__Dataset content__:
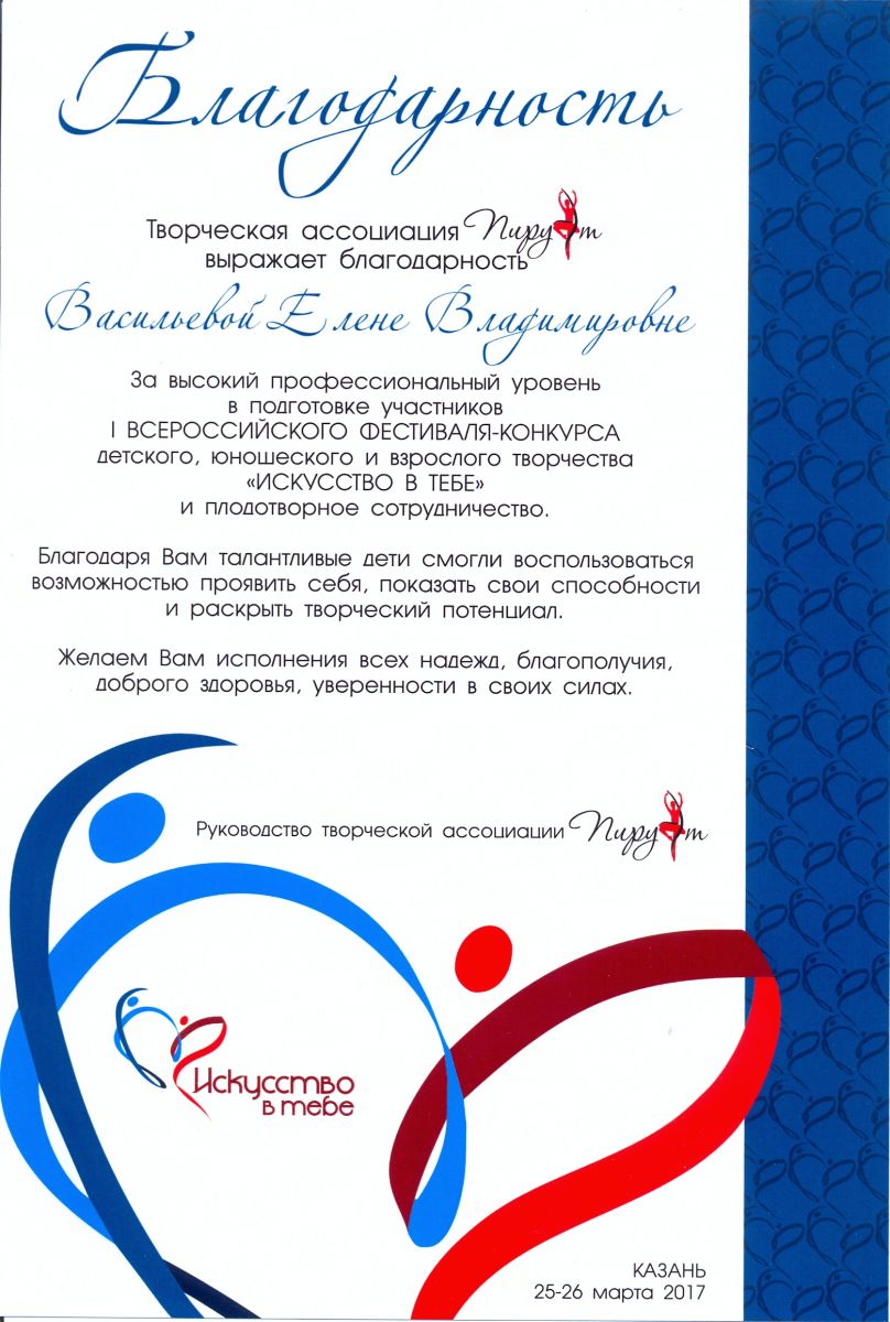 I Всероссийский фестиваль-конкурс детского, юношеского и взрослого творчества "Искусство в тебе" - Васильева Е.В. - благодарность за высокий профессиональный уровень
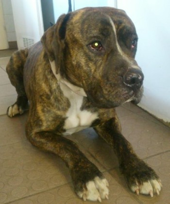 Duży brązowo-pręgowany, łagodny, biały krawat i końcówki łap.
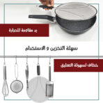 خله يغطي كامل المقلاة عشان يمنع رذاذ الزيت.
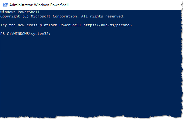Next, you’ll want to open the Windows Command Prompt (if you’re using an older version of Windows 10) or Powershell (if using a newer version). Right-click the Windows 10 start button and choose the item that shows up (choose the one that includes (Admin) in the name). An old DOS-style window will appear (black background for Command Prompt, blue background for Powershell). Then:
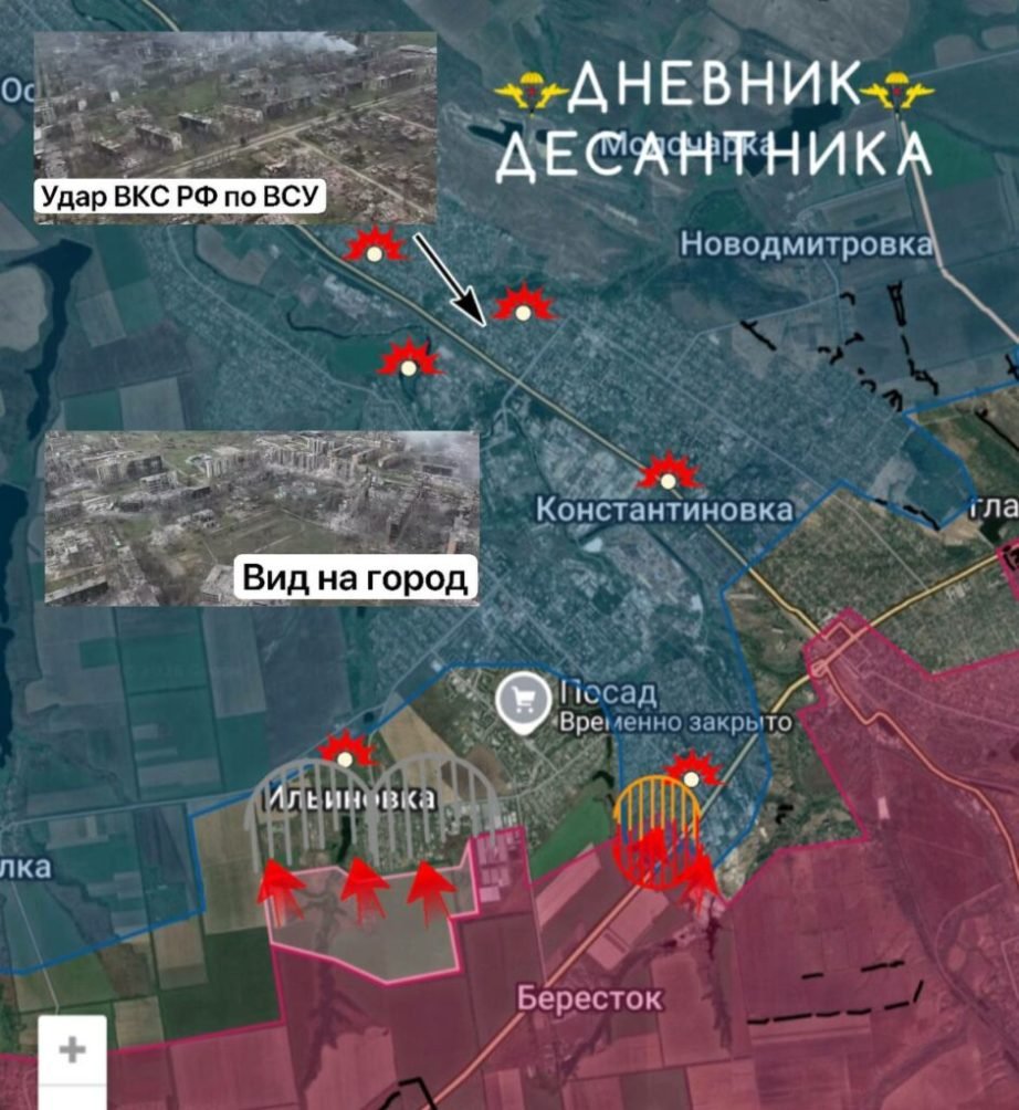 Также расширена зона контроля и восточнее Берестка, само село освобождено от ВСУ. В промзоне западной части Константиновки наши войска наносят удары дронами по выявленным позициям ВСУ. Идут бои на западных границах города. Если у Вас есть дополнения по обстановке, Вы хотите, чтобы мы сообщили об успехах Вашего подразделения, - пишите нам в бот обратной связи, сообщает Telegram-канал

__What you have to do__: Given the entries above, transcribe exactly the lines from the one holding "Duży brązowo-pręgowany, łagodny, biały" through the one holding "Next, you’ll want"; pictures do not belong in the transcription.

__Result__:
 Duży brązowo-pręgowany, łagodny, biały krawat i końcówki łap.
 خله يغطي كامل المقلاة عشان يمنع رذاذ الزيت.
Next, you’ll want to open the Windows Command Prompt (if you’re using an older version of Windows 10) or Powershell (if using a newer version). Right-click the Windows 10 start button and choose the item that shows up (choose the one that includes (Admin) in the name). An old DOS-style window will appear (black background for Command Prompt, blue background for Powershell). Then:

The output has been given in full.